- Born: Narayan Prasad Rajbhandari 21 July 1931 Nhyeekantala Tole, Kathmandu, Nepal
- Died: 16 October 2023 (aged 92) Chabahil, Kathmandu, Nepal
- Education: MA (History)
- Alma mater: Tribhuvan University
- Occupations: Writer, historian
- Years active: 52
- Notable work: Janaral Bhimsen Thapa Ra Tatkalin Nepal
- Spouse: Merri Baba Rajbhandari
- Children: Manoj Prasad Rajbhandari, Neeta Joshi, Neera Shrestha, Neema Rajbhandari
- Awards: Madan Puraskar

= Chittaranjan Nepali =

Nepalese writer (1931–2023)

Narayan Prasad Rajbhandari (चित्तरञ्जन नेपाली; 21 July 1931 – 16 October 2023), professionally known as Chittaranjan Nepali, was a Nepalese writer and historian. He received the first ever Madan Puraskar for Janaral Bhimsen Thapa Ra Tatkalin Nepal, a biographical book on the life of prime minister Bhimsen Thapa. He wrote in Nepali as well as Nepalbhasa.

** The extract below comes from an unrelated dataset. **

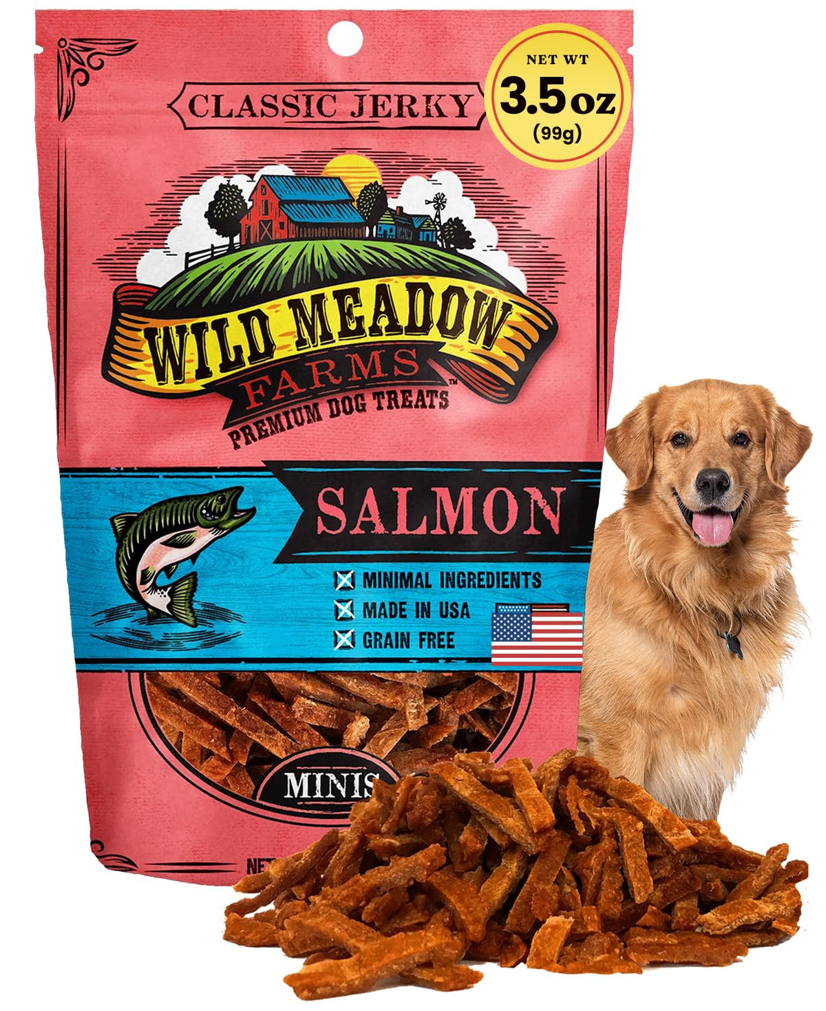 Wild Meadow Farms - Classic Salmon Minis, Soft Jerky Training Treats for Dogs, Grain-Free, All-Natural & Perfectly Sized for Tra
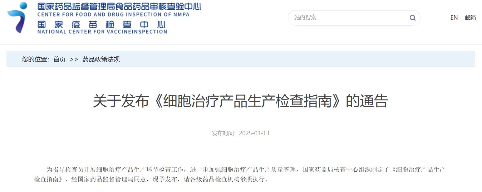 國家藥監(jiān)局核查中心關于發(fā)布《細胞治療產(chǎn)品生產(chǎn)檢查指南》的通告

== Early life and education ==
Nepali was born on 21 July 1931 (10 Shrawan 1988 BS) to Sardar Medini Prasad Rajbhandari and Kali Nani Rajbhandari. He began his basic education in Mahabir School founded by Chiniya Lal and Phatte Bahadur Singh which was closed after the imprisonment of the founders. He then joined Juddodaya School and completed his SLC level education from Durbar High School in 2004 BS. He then went to Tri-chandra College for his college education.

From his childhood, he was friends with Bijaya Malla, Gopal Prasad Rimal, Govinda Bahadur Malla and Shyam Das Vaishnav. His father was friends with the historian Baburam Acharya. His poems and historic articles were published in Sharada magazine.

Initially, he worked for Ministry of Foreign Affairs. Then he was transferred to Home ministry.

Nepali received MA degree in history from Tribhuvan University.

== Political career ==
In 1997 BS after Shukra Raj Shastri, Dashrath Chand, Ganga Lal Shrestha and Dharma Bhakta Mathema were murdered by the Rana government, he became involved in the politics. He started putting up anti-Rana pamphlets but he needed anonymity for doing so or he could have lost his job and even been punished by the government. So, he chose the alias Chhitaranjan Nepali.

== Literary career ==
Nepali started his career as a poet. His first Nepal Bhasa epic poem Ma Lumanka (Mother's memory) was published in 1950-1951 (2007 BS). He then published Janaral Bhimsen Thapa Ra Tatkalin Nepal with the aid of Nepal Sanskirti Sangh (Nepal Cultural Association) about the life of first prime minister of Nepal, Bhimsen Thapa. He won first ever Madan Puraskar prize alongside Satya Mohan Joshi and Balram Joshi.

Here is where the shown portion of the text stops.